Mohawk Industries (NYSE:MHK) is a manufacturer of floor covering products for residential and commercial uses. It posted a poor earnings release in July, and there were plenty of cautionary comments about the economy from management, but this pessimism may be about to pay off. Falling commodity prices should bring higher-than-expected earnings in the next quarter.
The company's prices and guidance was based on sky-high commodity input costs. Those costs are falling fast, yet its price increases are much stickier.
Mohawk traded for more than $100 back last summer and closed at $69 on August 11, 2008, as investors dumped the stock due to slowing consumer demand and the rising cost of raw materials. Now might be the time to reconsider.
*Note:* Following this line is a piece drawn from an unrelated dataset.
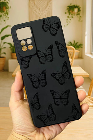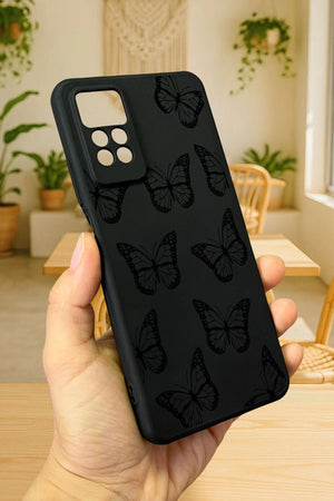 Redmi Note 11Pro/Note 12Pro4G Silikon SİYAH KELEBEKLİ Darbe Emici Klasik Korumalı Rubber Kılıf

Commodity Prices Actually Going Down?
It's a hard concept to get your arms around - the possibility that commodity prices may fall significantly over the next few months, and yet oil has already come down from $140 to $113 and many others have also retraced. The soaring costs of raw materials have been the source of much of the pain during second quarter earning season, as oil, natural gas, steel and other basic commodities reached new highs over the summer. Now that the trend has reversed, it is logical to assume that these same companies may be helped as the prices of commodities fall below the assumptions built into its guidance.
When Mohawk reported its second quarter it was the usual litany of causes for the down earnings. Jeffery S. Lorberbaum, chairman and CEO said, "Our results for the second quarter were impacted by the slowing economies in the U.S. and Europe and rapidly increasing commodity costs. Declining new U.S. home construction and residential remodeling, slowing European demand and rising raw material and energy costs have contributed to the flooring industry cyclical decline. The rapidly increasing costs are impacting our margins even as we raise selling prices to offset these costs."
The company gave guidance for the third quarter of $1.06-$1.15 per share. This was based on continued high costs of raw materials, and with several price increases including:
- 5% - 6% price increase for the U.S. laminate business during the third quarter.
- Three carpet price increases since December to offset rising costs.
- Mohawk also raised transportation fees. (For more on this measurement check out Earnings Forecasts: A Primer.)
The Margin Effect
While some of these price increases may not be fully implemented, we know that price increases are a lot stickier than the commodity costs, which are based on formulas and will drop immediately. "A lot of our raw materials and energy change with the rising costs. They are formula based, based on different pieces. So as those things changed they would almost immediately be impacted," Lorberbaum said during the conference call. Management said that the highest margins the industry typically sees are during falling material environments. They cited 2001 as the last time that occurred.
Operating margins hit 10.6% in the first quarter of 2001, compared to 7.9% in the second quarter to 2008. The reason for the favorable margins in 2001 according to the company was because Mohawk was "impacted by favorable material and fuel costs". (To learn more, read Analyzing Operating Margins.)
Other companies that may benefit from a broad based fall in commodity prices include Tyson Foods (NYSE:TSN) and Pilgrim's Pride (NYSE:PPC), both of whom are being impacted by soaring feed costs.
Bottom Line
If commodity costs continue to fall, companies like Mohawk will benefit on the cost side as its input costs fall, while price increases to its customers stick longer.